I think the way around this is to make multiple roll-outs per model per problem. Get n different CoTs from Shoggoth, then for each of those get k different summarizations from Face. You then have n*k final answers. Optimal values for n and k probably depend on how expensive the roll-outs are. This population of answers allows you to usefully get a feedback signal about Shoggoth’s contribution vs Face’s contribution.
So, how do you extract the desired credit-assignment info out of this?
(Also, how do you then use that info?)
If I have 10 students but I can only test them in pairs, I can get some information on how good individual students are by testing multiple different pairings.
If I have just Alice and Bob, I pairing them up multiple times doesn’t help so much.
What do you mean? I don’t get what you are saying is convincing.
Perhaps I should clarify my belief.
The o1 report says the following (emphasis mine):
Is this damning in the sense of showing that o1 is a significant danger, which needs to be shut down for public safety?
No, I don’t think so.
Is this damning in the sense of providing significant evidence that the technology behind o1 is dangerous? That is: does it provide reason to condemn scaling up the methodology behind o1? Does it give us significant reason to think that scaled-up o1 would create significant danger to public safety?

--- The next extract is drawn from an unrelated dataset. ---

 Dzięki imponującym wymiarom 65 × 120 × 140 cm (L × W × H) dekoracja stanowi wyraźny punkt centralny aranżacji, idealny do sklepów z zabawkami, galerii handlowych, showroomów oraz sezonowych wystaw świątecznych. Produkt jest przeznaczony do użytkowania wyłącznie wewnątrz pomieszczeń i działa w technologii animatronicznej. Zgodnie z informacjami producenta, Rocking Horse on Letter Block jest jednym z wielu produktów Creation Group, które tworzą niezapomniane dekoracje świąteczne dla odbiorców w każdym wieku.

This is trickier, but I say yes. The deceptive scheming could become much more capable as this technique is scaled up. I don’t think we have a strong enough understanding of why it was deceptive in the cases observed to rule out the development of more dangerous kinds of deception for similar reasons.
Is this damning in the sense that it shows OpenAI is dismissive of evidence of deception?

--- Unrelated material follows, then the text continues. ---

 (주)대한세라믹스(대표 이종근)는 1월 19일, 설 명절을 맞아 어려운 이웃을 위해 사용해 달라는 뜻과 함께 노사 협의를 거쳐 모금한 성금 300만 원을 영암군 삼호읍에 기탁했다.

OpenAI should be commended for looking for deception in this way, and for publishing what they have about the deception they uncovered.

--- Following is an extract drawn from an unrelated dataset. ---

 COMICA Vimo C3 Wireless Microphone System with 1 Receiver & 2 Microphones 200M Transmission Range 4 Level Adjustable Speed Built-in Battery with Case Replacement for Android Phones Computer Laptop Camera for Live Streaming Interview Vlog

However, I don’t buy the distinction they draw in the o1 report about not finding instances of “purposefully trying to deceive the user for reasons other than satisfying the user request”. Providing fake URLs does not serve the purpose of satisfying the user request. We could argue all day about what it was “trying” to do, and whether it “understands” that fake URLs don’t satisfy the user. However, I maintain that it seems at least very plausible that o1 intelligently pursues a goal other than satisfying the user request; plausibly, “provide an answer that shallowly appears to satisfy the user request, even if you know the answer to be wrong” (probably due to the RL incentive).
More importantly, OpenAI’s overall behavior does not show concern about this deceptive behavior. It seems like they are judging deception case-by-case, rather than treating it as something to steer hard against in aggregate. This seems bad.